RECORD EXTRACTS:
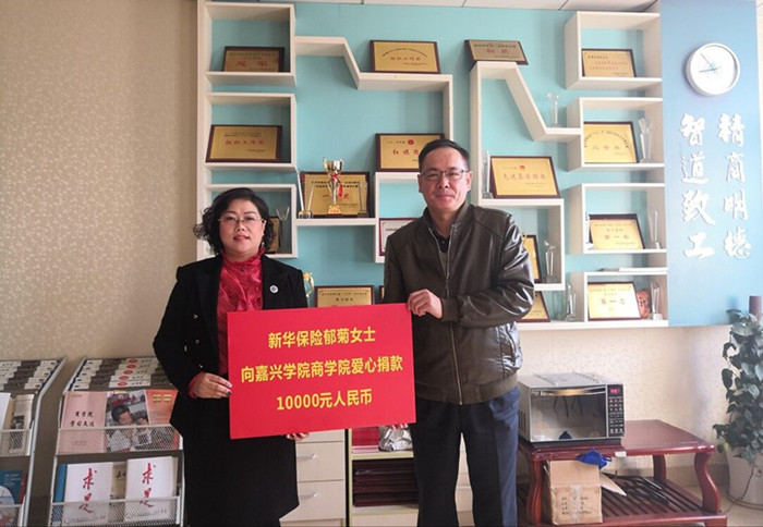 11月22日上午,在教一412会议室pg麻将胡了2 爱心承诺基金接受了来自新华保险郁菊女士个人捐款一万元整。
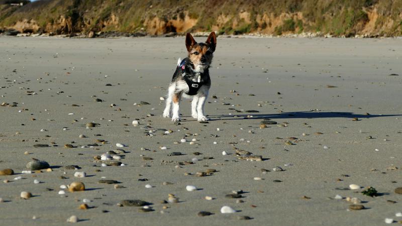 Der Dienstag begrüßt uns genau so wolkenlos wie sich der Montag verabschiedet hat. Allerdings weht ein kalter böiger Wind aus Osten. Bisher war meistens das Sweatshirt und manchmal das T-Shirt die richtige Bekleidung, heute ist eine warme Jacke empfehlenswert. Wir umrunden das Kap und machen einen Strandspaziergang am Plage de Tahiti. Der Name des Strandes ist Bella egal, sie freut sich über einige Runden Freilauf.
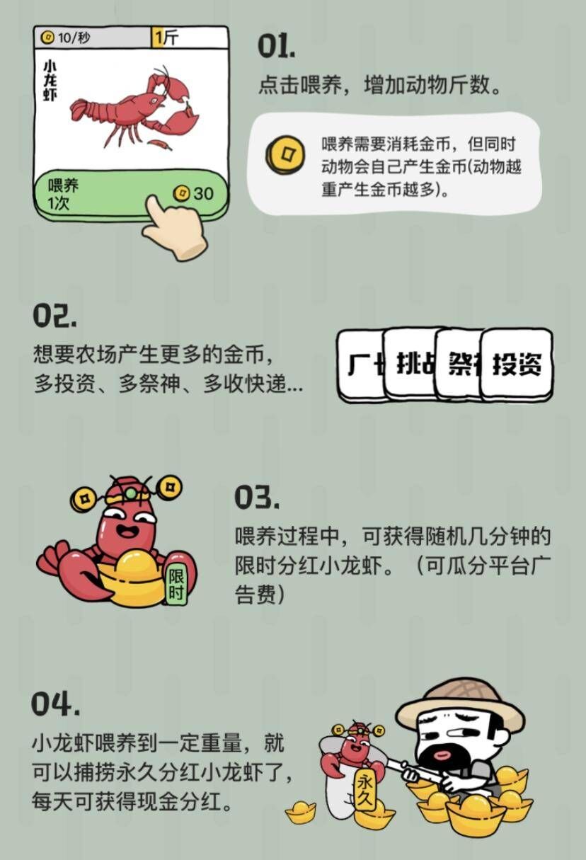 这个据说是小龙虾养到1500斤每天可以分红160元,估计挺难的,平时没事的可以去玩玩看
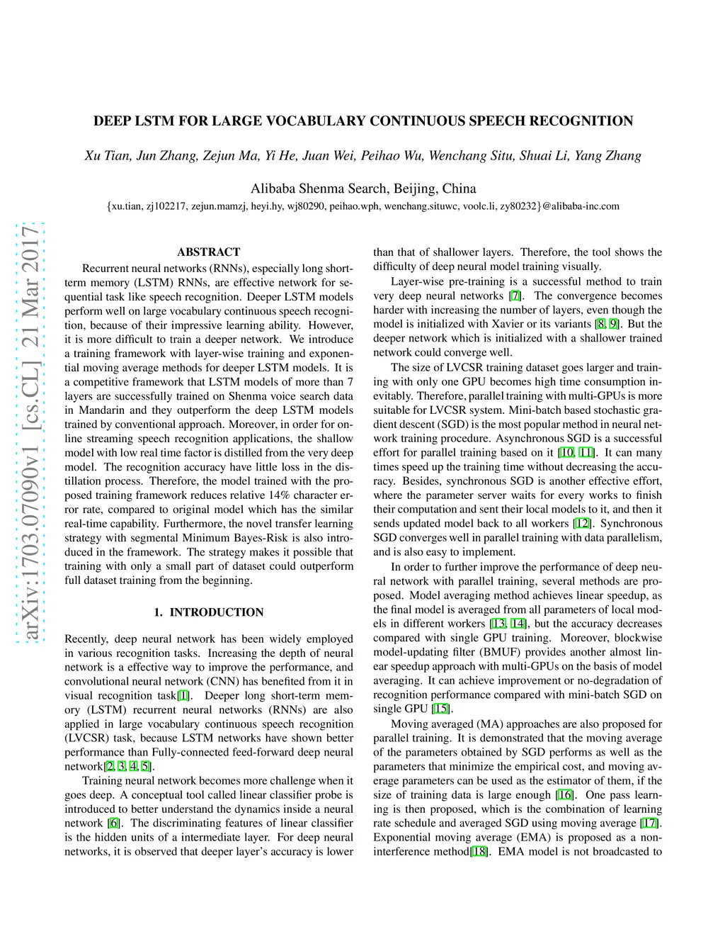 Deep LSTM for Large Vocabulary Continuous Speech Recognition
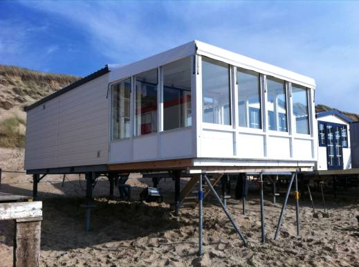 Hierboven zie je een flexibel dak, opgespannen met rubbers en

YOUR INSTRUCTIONS: Could you set down exactly, and only, the lines from the line containing "Deep LSTM for" through the last line of the records, both included, without the pictures?

RESULT:
 Deep LSTM for Large Vocabulary Continuous Speech Recognition
 Hierboven zie je een flexibel dak, opgespannen met rubbers en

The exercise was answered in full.